Parkinson disease (PD) is a neurodegenerative condition characterized by the progressive accumulation of Lewy body inclusions beginning from the medulla and olfactory nuclei and gradually spreading through the midbrain to the neocortex (1). In the human brain, there are 2 major dopamine systems. The nigrostriatal pathway originates from the substantia nigra (SN) pars compacta (region A9) projecting to the putamen, and the ventral dopamine pathways (mesolimbic and mesocortical pathways) originate from the ventral tegmental area (VTA, A10) and innervate the limbic system and neocortex. PD pathology shows regional selectivity within the SN affecting the most ventrolateral-tier neurons that mainly project to the dorsal putamen (2), and molecular in vivo imaging studies have shown corresponding posterior-to-anterior gradient in the degeneration of the dopamine function within the striatum (3). However, to the best of our knowledge, no prior studies have investigated the midbrain projections within the dopamine system in PD.

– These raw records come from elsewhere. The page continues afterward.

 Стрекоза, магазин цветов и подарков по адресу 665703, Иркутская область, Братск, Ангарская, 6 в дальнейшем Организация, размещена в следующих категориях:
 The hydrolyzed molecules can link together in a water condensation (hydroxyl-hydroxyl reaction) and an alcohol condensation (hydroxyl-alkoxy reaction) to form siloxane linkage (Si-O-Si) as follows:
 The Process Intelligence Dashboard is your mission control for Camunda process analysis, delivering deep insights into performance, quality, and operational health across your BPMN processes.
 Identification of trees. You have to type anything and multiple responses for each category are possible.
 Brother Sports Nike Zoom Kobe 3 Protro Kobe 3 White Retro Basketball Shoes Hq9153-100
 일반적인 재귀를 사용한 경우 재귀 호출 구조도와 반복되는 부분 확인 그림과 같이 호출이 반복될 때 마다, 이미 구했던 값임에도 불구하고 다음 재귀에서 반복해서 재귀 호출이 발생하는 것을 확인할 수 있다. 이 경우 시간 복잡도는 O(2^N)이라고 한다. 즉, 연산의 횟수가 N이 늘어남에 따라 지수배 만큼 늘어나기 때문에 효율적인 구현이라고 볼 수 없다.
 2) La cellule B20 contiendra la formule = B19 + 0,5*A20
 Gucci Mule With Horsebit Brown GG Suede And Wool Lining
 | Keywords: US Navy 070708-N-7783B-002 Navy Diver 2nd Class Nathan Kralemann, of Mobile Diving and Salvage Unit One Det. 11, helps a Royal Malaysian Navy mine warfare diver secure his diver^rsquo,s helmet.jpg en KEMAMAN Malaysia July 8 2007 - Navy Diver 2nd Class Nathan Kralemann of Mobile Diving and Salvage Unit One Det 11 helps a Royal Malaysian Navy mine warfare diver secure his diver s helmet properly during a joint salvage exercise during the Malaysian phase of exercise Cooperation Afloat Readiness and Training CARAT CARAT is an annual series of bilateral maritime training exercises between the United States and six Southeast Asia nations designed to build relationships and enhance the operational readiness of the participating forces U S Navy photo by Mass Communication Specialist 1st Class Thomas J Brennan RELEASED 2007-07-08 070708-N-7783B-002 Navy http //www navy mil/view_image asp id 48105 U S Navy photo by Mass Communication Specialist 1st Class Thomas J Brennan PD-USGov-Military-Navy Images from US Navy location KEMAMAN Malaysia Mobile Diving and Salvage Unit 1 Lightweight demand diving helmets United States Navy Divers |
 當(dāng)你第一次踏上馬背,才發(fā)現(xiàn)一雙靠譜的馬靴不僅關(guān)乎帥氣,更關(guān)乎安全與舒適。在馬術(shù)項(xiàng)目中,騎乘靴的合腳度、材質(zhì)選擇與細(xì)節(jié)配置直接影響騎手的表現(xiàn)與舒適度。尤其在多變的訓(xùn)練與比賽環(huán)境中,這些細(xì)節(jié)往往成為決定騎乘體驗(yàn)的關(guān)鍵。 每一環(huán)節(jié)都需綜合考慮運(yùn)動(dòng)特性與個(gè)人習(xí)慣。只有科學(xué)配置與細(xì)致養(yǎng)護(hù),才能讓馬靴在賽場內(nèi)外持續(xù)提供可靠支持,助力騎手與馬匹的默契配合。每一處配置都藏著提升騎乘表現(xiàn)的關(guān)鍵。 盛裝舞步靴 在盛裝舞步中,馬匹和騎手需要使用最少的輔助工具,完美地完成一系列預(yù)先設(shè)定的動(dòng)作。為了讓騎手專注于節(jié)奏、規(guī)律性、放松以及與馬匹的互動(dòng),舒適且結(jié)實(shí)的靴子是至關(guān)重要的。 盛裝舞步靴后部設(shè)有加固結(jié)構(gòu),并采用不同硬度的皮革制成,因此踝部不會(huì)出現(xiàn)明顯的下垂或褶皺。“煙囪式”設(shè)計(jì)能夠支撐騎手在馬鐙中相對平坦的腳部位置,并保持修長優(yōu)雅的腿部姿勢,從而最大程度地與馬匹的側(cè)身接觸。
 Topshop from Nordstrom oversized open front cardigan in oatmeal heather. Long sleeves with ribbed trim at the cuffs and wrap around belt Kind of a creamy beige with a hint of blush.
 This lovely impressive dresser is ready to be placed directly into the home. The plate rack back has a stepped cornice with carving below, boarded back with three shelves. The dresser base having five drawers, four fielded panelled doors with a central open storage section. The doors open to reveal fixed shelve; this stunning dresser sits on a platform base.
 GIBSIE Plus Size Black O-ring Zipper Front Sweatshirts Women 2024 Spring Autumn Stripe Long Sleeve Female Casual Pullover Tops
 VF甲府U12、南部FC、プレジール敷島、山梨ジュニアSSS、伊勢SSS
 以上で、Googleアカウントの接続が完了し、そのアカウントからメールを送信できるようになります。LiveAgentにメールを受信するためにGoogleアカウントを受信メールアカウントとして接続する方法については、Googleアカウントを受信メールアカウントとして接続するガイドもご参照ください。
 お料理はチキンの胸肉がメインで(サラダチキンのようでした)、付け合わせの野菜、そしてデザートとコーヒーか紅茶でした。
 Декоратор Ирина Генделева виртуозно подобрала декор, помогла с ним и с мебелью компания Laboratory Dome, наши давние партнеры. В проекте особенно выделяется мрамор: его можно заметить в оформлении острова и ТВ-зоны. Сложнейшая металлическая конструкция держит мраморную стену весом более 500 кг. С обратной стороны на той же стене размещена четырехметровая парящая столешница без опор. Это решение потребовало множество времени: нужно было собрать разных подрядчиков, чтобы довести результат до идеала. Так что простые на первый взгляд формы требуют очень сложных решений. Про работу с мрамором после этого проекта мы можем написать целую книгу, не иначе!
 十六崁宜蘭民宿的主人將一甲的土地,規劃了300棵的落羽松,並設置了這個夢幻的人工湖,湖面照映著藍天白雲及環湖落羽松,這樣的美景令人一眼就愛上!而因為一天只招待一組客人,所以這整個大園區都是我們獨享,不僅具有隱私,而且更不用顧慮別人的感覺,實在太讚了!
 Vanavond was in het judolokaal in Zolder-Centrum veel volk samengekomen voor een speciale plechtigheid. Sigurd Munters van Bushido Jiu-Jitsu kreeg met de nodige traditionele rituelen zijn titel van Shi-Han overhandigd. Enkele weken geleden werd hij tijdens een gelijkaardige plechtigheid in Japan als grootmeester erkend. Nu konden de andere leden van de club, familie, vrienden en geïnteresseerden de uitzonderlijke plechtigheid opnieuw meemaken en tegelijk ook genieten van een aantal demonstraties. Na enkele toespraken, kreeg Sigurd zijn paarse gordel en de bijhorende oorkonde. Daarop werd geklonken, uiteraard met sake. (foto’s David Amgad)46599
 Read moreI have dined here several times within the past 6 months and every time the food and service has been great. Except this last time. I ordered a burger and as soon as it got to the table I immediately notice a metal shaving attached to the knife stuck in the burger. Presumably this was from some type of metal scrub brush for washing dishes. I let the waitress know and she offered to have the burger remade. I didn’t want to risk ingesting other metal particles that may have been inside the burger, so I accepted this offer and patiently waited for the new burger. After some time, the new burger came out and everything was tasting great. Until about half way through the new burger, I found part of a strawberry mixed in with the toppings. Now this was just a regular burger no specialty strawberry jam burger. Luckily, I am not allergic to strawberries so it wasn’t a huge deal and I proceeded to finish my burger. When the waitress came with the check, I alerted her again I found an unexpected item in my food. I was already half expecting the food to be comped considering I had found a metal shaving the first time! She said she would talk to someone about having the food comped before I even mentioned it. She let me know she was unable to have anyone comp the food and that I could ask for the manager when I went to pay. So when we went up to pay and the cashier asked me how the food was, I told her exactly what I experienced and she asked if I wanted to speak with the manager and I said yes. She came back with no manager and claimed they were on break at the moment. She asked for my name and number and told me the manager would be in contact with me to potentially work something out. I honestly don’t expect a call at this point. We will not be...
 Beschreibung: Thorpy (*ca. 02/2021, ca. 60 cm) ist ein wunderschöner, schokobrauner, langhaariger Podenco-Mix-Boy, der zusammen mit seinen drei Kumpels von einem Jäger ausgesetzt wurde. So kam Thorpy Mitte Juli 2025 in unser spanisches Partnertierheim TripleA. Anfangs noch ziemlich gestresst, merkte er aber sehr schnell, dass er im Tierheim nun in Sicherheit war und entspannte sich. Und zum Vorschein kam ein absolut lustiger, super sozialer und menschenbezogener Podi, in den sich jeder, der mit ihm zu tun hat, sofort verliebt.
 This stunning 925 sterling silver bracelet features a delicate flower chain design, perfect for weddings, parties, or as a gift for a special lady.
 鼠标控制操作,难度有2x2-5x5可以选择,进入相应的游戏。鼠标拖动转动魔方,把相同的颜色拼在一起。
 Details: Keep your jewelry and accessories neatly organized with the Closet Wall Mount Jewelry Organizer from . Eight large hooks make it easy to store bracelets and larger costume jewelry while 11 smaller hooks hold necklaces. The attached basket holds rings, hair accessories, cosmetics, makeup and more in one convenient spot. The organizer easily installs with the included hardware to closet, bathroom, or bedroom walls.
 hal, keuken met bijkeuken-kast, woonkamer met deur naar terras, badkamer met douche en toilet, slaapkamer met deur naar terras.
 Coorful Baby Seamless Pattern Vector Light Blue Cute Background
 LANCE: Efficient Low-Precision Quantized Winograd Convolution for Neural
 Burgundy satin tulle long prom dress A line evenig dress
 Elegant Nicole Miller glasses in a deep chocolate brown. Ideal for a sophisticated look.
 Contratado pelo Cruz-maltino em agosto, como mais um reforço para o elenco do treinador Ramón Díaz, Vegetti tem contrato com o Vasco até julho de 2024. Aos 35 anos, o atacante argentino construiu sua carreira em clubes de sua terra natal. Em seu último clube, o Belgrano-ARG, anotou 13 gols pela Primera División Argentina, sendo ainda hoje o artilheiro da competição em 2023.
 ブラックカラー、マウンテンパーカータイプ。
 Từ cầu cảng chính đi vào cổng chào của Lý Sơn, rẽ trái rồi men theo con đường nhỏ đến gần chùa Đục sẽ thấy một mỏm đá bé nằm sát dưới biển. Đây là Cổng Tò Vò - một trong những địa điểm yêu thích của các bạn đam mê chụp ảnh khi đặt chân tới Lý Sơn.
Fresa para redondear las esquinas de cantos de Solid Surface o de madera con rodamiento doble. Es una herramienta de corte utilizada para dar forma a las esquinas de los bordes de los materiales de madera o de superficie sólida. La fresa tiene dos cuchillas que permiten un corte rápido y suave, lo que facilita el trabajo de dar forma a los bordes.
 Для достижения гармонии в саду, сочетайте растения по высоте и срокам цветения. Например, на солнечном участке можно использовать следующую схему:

PD is primarily treated with medications that enhance the brain dopamine function, but not all symptoms of the disease respond favorably to the treatment. In addition, restoring the brain’s dopamine function can lead to the development of behavioral disorders, such as impulse control disorders (ICDs) and psychotic symptoms. These disorders are linked with increased brain dopamine function, and they can appear even though the patient suffers from marked bradykinesia and rigidity from insufficient dopamine signaling in the nigrostriatal pathway (47). The hyperdopaminergic symptoms in medicated PD patients can be explained by the dopamine overdose hypothesis, which assumes a relative overactivation of the mesolimbic and mesocortical (referred later to as ventral), compared with nigrostriatal (referred to as dorsal), dopaminergic pathways (8,9). As the degree of damage in the nigrostriatal pathway is more severe than in the mesocorticolimbic pathways, it might lead to a shift in the balance of mesencephalic projections from the dorsal striatum to limbic and frontal cortical regions (dorsal-to-ventral shift). Such a shift in the midbrain dopamine signaling would explain why even small doses of dopaminergic medications can induce behavioral side effects that are assumed to originate from the mesocorticolimbic pathways.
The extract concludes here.